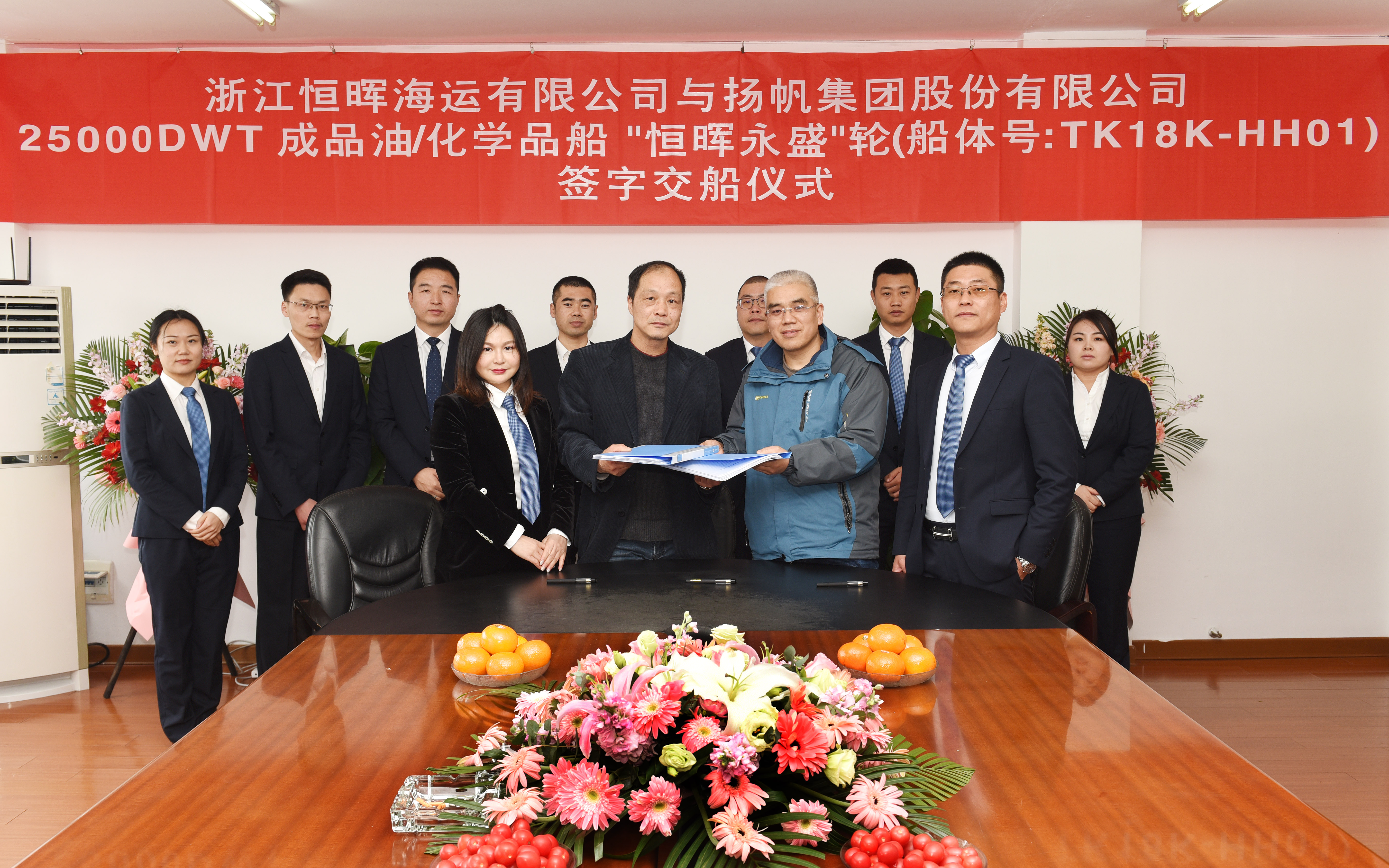 2021年3月24日,由揚帆集團股份有限公司下屬全資子公司浙江東海岸船業有限公司為國內船東浙江恒暉海運有限公司承建的1艘25000噸化學品油船“恒暉永盛”號正式簽字交付。 同日,揚帆集團承建的 “興藍浚6” 耙吸船項目在其全資子公司舟山大神洲船業有限公司順利實現試航生產節點。
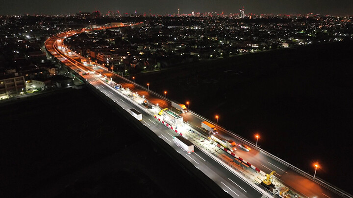 首都圏6車線では日本初となる床版取り替え工事の取り組みを紹介します。1日当たり10万台の車両が往来する重交通区間において、幅員方向多分割施工をはじめとするさまざまな工夫により、通行止めを行わず6車線を確保しながら床版取り替えを実現しました。
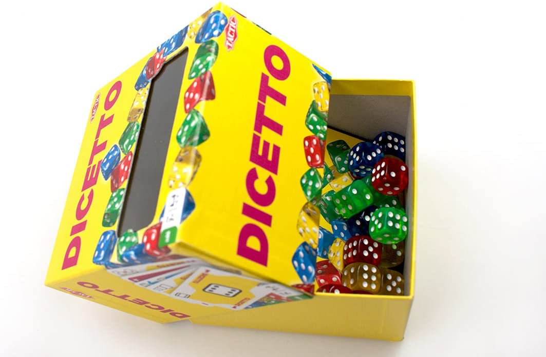 Dicetto de Tac-Tic … Lancez vos dés et réalisez les combinaisons indiquées sur les cartes pour les gagner et remporter la partie ! Un jeu qui combine chance et tactique pour un maximum de fun. Des dés colorés pour des parties hautes en couleur ! Un plaisir d’un jeu de dés sans cesse renouvelé !
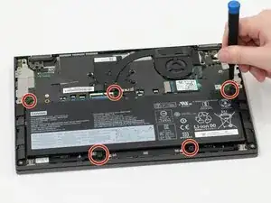 Удалите пять винтов Phillips #0 размером 4,60 мм, крепящих аккумулятор к корпусу.

Task statement:
In the listing, find the line containing "首都圏6車線では日本初となる" and repeat it and every later line through the last one, word for word, excluding the pictures.

Output below:
 首都圏6車線では日本初となる床版取り替え工事の取り組みを紹介します。1日当たり10万台の車両が往来する重交通区間において、幅員方向多分割施工をはじめとするさまざまな工夫により、通行止めを行わず6車線を確保しながら床版取り替えを実現しました。
 Dicetto de Tac-Tic … Lancez vos dés et réalisez les combinaisons indiquées sur les cartes pour les gagner et remporter la partie ! Un jeu qui combine chance et tactique pour un maximum de fun. Des dés colorés pour des parties hautes en couleur ! Un plaisir d’un jeu de dés sans cesse renouvelé !
 Удалите пять винтов Phillips #0 размером 4,60 мм, крепящих аккумулятор к корпусу.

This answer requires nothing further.